Friday, March 28, 2014

Human growth hormone and HIV/AIDS


Human growth hormone (HGH) is a natural hormone produced in the pituitary gland, which promotes normal growth and development in the body. It activates protein production in muscle cells and the release of energy from fats. It is typically used to stimulate growth in children with hormone deficiency, or to treat people with severe illnesses, burns or infection where destruction of human tissue and muscle occurs.

A genetically engineered or ‘recombinant’ version of HGH has been produced (rHGH). Test tube experiments have shown that it can stimulate immune cells such as natural killer (NK) cells, which are related to tumour control and T-cells. rHGH is also known as somatrem or somatotropin. One form of HGH is made by Serono under the brand name Serostim, although other forms are made by other manufacturers. It is given as an injection under the skin.

rHGH is a licensed treatment that can be prescribed on the National Health Service for children with short stature as a result of growth hormone deficiency. However, it is not licensed for prescribing to people with HIV in Europe. rHGH is also very expensive to produce, casting doubt on the feasibility of its introduction into routine HIV care.

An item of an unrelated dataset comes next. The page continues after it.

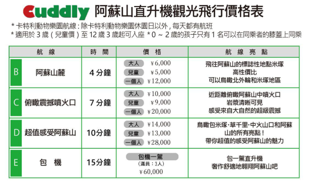 “阿蘇卡德利動物樂園”提供的直升機觀光行程。標價為日圓。(圖源:官網)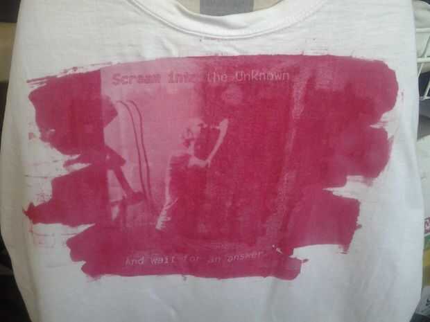 Además, asegúrese de que utilizar cartón y no hay impresión en él! Empapado de la tinta a través y no visibles en la foto, algunas letras débiles que tienen absorbida por el tinte mojado sobre la camisa.

There has been some concern that the use of human growth hormone in people with HIV would stimulate viral replication and lead to increased viral load. However, recent evidence suggests that individuals who add growth hormone to their anti-HIV combination are likely to experience a small drop in viral load.

In HIV disease, HGH is best known as a treatment for HIV-related wasting, although it is not an approved treatment for this condition in Europe. High doses of HGH have been found to increase weight and lean body mass in people with AIDS wasting.  An increase in lean body mass is thought to be important in HIV disease because the loss of lean body mass is the form of wasting most closely related to an increased risk of death.

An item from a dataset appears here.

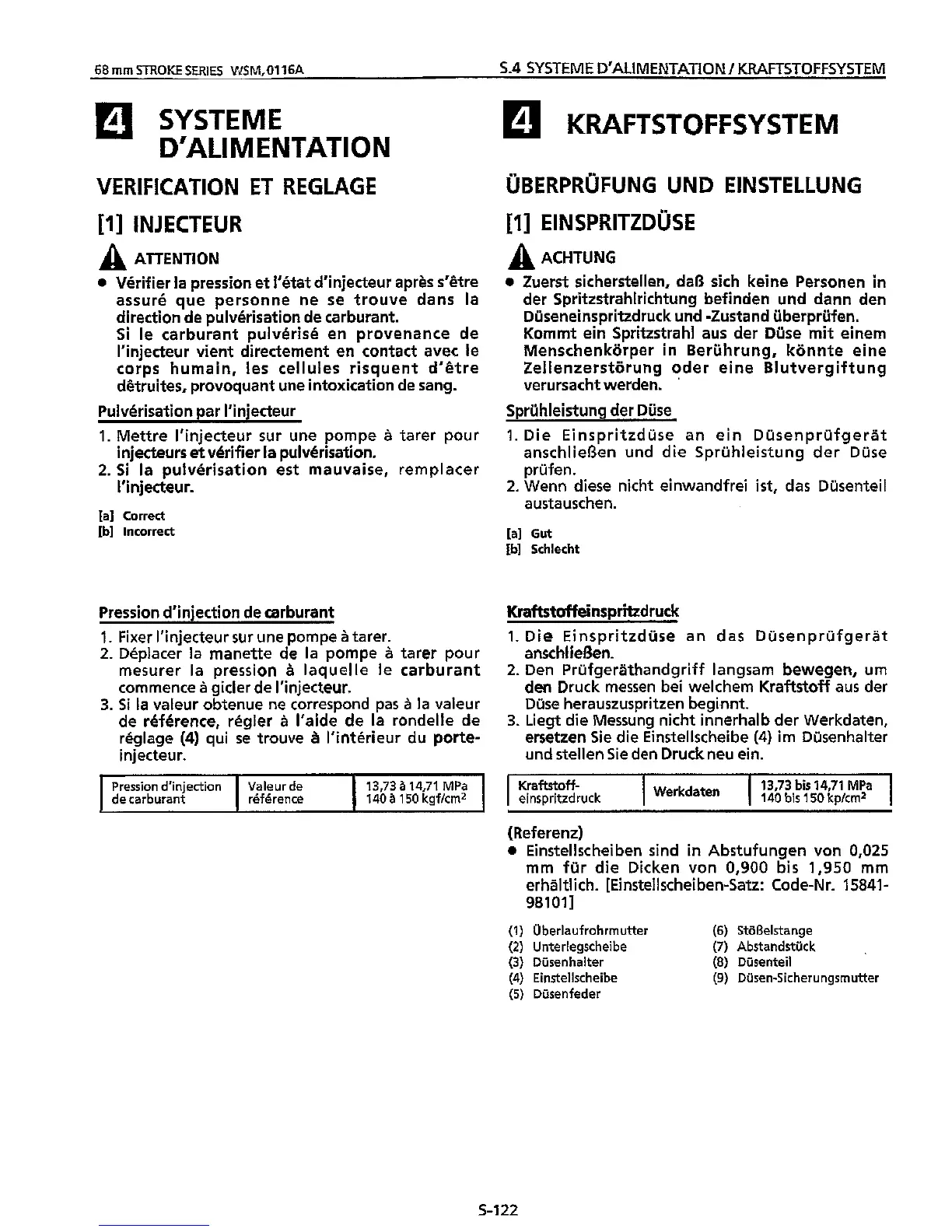 Verifier la pression et I'ktat d'injecteur apres s'btre

In August 1996, HGH was granted accelerated approval in the United States for the treatment of AIDS wasting. Studies of up to twelve weeks in duration have found that the drug may stabilise weight or reverse weight loss in people with HIV, although no improvements in survival were seen. The long-term safety and tolerability of HGH are unknown. In the European Union, HGH has been granted orphan drug status for the treatment of AIDS wasting, which means that Serono will have exclusive rights to market the product for this purpose in Europe, even though other companies also have their own versions of the treatment.

In a recent meta-analysis of treatments for wasting, rHGH was found to have similar efficacy to the other two major treatments, testosterone and anabolic steroids, with all three showing a significant benefit over placebo. However, rHGH may have advantages in terms of increasing muscle function and quality of life.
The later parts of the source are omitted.